Em contrapartida, Tobias insere a noção de cultura como sendo o mundo dos fenômenos, no qual há valores, leis (e onde é fundamental o conhecimento a priori dessas leis), onde as coisas são passíveis de conhecimento e relativas. Nas palavras de Tobias Barreto, em Glosas Heterodoxas (Parte IV), “o processo da cultura geral deve consistir precisamente em gastar, em desbastar, por assim dizer, o homem da natureza, adaptando-o à sociedade” (BARRETO, 1990, p. 306; disponível em: http://textosdefilosofiabrasileira.blogspot.com/2012/07/glosas-heterodoxas-um-dos-motes-do-dia_26.html), fugindo, então, ao seu determinismo.

Dessa maneira, é através do incondicionado, da coisa em si, que se revela a liberdade, no sentido de que o mistério é condicionador de problema, consequência da liberdade de espírito característica do saber científico. Sendo assim, a liberdade justifica a ideia de se ultrapassar os limites da experiência. A liberdade, para Tobias Barreto, é, pois, o modo pelo qual se conciliam natureza (coisa em si) e cultura (fenômeno), o que implica na superação do determinismo imposto por essa natureza. E o que garante essa liberdade é exatamente o incondicionado, na visão da coisa em si.


Conclusão
A crise estética brasileira, desencadeada pela crítica de Sílvio Romero ao romantismo oficial, teve a suma importância de anteceder o sentido da filosofia como autoconsciência crítica, cuja consolidação se dá, no Brasil, através da interpretação do princípio de relatividade kantiano por Tobias Barreto.

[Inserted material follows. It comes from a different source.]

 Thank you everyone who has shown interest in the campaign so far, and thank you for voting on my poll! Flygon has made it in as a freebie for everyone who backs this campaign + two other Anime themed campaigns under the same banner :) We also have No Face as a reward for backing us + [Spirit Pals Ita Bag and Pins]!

A ideia de relatividade defendida por Tobias representa, mais que tudo, a ideia de uma filosofia brasileira, ou seja, representa a ideia de uma filosofia que esteja inserida no contexto de nossa emancipação cultural.

Por outro lado, a consolidação do Cogito também implicou numa abertura com relação à filosofia ocidental, que é a base para a discussão de problemas universais dentro do âmbito de nossa cultura.

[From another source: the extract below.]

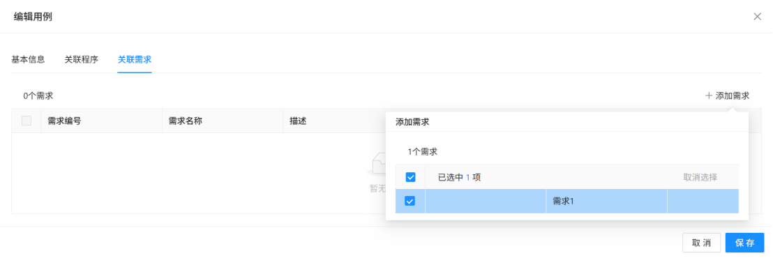 关联程序后点击关联需求可进入关联需求页面,如下图所示。

Se a crise estética possibilitou a construção de uma tradição cultural, ou seja, de uma identidade cultural brasileira, evidencia-se a necessidade, mais do que urgente, de que no Brasil se construa uma identidade filosófica. Longe de qualquer pretensão de cunho nacionalista, a necessidade de uma identidade filosófica visa dar forma aos aspectos gerais do ser e do sentido, mediante um diálogo prospectivo com a cultura de nosso país, de modo a nos permitir dizer palavras próprias e novas, cujos significados sejam, ao mesmo tempo, universais e particulares.


Notas
[1] A sentença inteira diz: “O homem é a medida de todas as coisas, das coisas que são o que são, e das coisas que não são o que não são” (Guthrie, 1971, 183).

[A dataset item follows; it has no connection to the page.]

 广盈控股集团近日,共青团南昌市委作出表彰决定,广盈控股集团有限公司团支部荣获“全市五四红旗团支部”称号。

[2] Segundo o Prof. Cerqueira: “No ensino de origem escolástica, a disputa (disputatio) surgiu como uma ampliação da questão (quaestio) e da leitura ou lição (lectio). Em função das dificuldades geradas pelo ensino escolar com base na leitura, surgiu a meditação (meditatio) no intuito de esclarecer dúvidas de interpretação. Daí vieram as glosas sob a forma de anotações interpostas e marginais feitas pelo próprio leitor. Da glosa resultou a exposição (expositio) enquanto o recurso a frases ou sentenças como chave de explicação do texto original. Como freqüentemente um texto filosófico se presta a diferentes interpretações, oferecendo então sentenças contrapostas, surgiu a questão como um gênero independente de problema teórico a resolver. Na discussão oral ou escrita de uma questão, a disputa se estabelecia entre alguém que defendia uma afirmação ou tese e outro que a impugnava, de modo que, à exceção das disputas entre os “dialéticos”, em geral procurava-se negar a tese contrária” (Cerqueira, 2002: 220).

[3] Não se pode deixar de chamar a atenção para a polêmica acerca do termo númeno, empregado pelo autor, algumas vezes, como algo distinto do conceito da coisa-em-si, e outras vezes como conceitos equivalentes, polêmica esta com a qual não iremos ocupar-nos.